Data section start

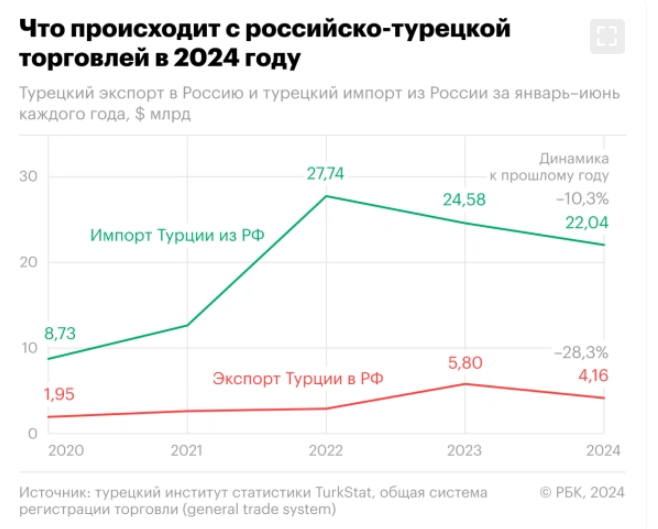 Согласно опубликованной 31 июля статистике турецкого статистического агентства TurkStat, экспорт товаров из Турции в Россию в первом полугодии 2024 года упал на 28,3% к тому же периоду 2023 года — до $4,16 млрд (против $5,8 млрд в первой половине прошлого года).
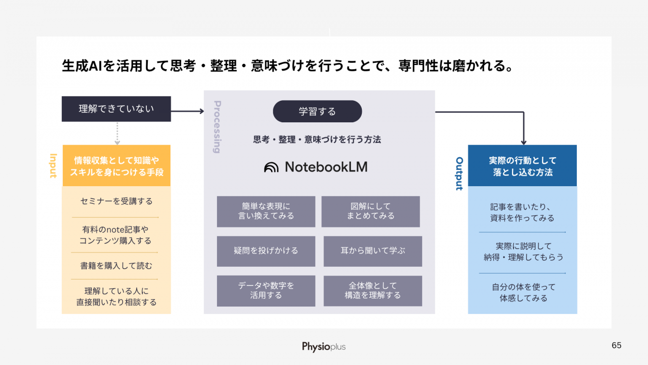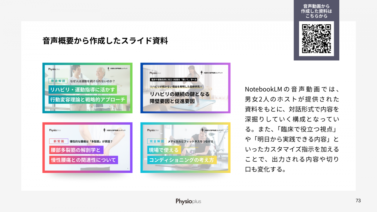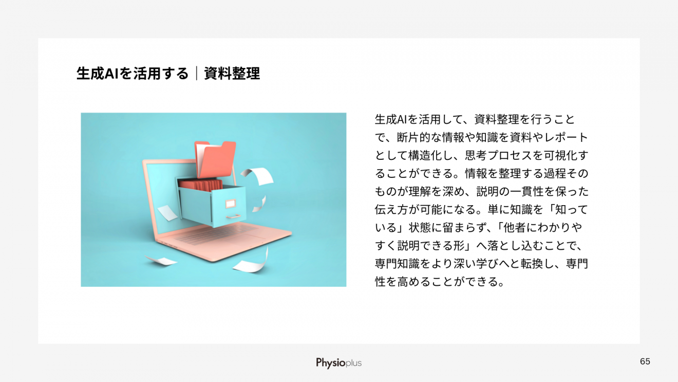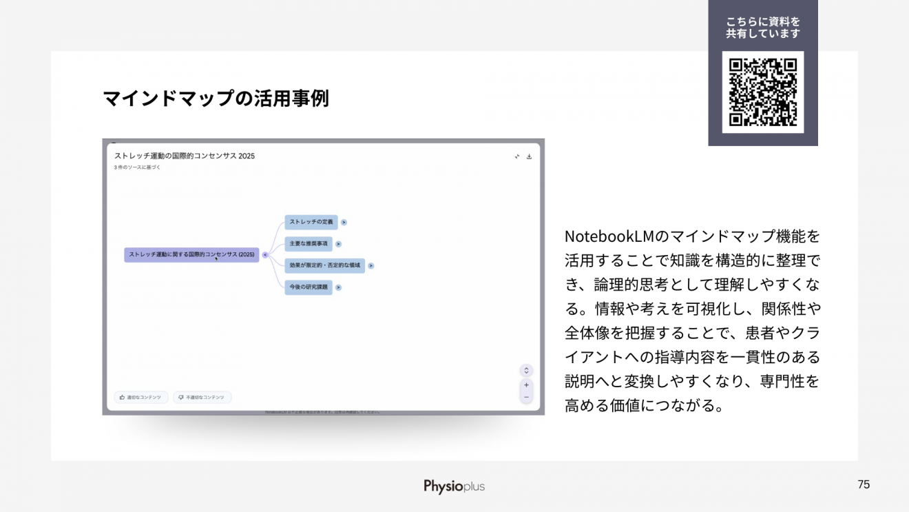 生成AIツールであるNotebookLMの基本的な使い方から、臨床や運動指導の現場で活かせる実践的な活用方法までを学べるオンラインセミナーです。
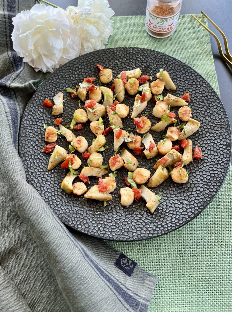 Ici je les ai associés à des pétoncles, des tomates confites, de l’ail, du piment d’Espelette et du basilic, un régal prêt en 5 mn sain et délicieux 😋.
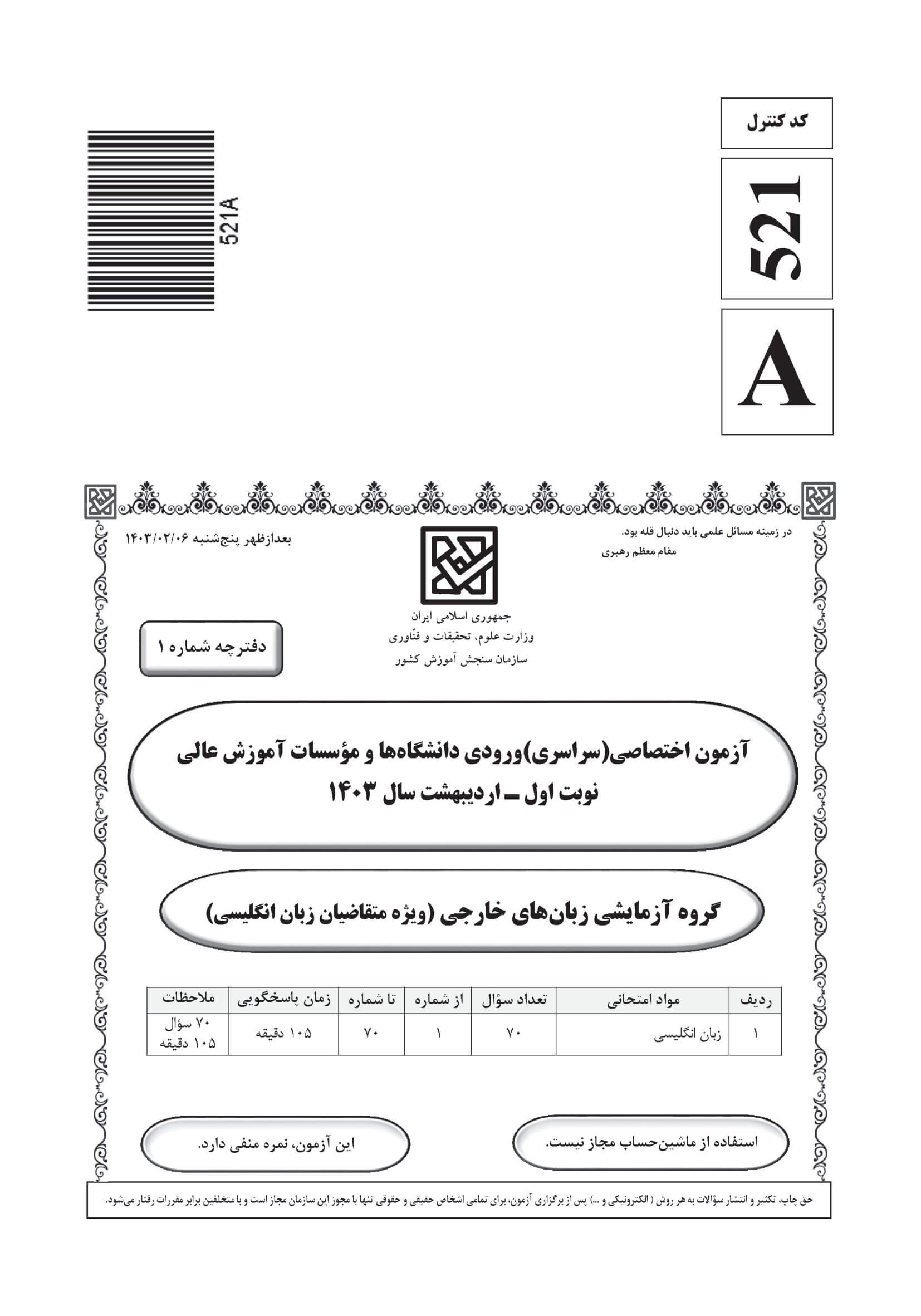 زبان انگلیسی + فرهنگیان نوبت اول 1403

Data section end

*What is required*. Everything above from the line that has "生成AIツールであるNote" down to the line that has "Ici je les ai" should be output exactly, with both of those lines included. Leave the pictures behind.

*Output for this exercise*.
 生成AIツールであるNotebookLMの基本的な使い方から、臨床や運動指導の現場で活かせる実践的な活用方法までを学べるオンラインセミナーです。
 Ici je les ai associés à des pétoncles, des tomates confites, de l’ail, du piment d’Espelette et du basilic, un régal prêt en 5 mn sain et délicieux 😋.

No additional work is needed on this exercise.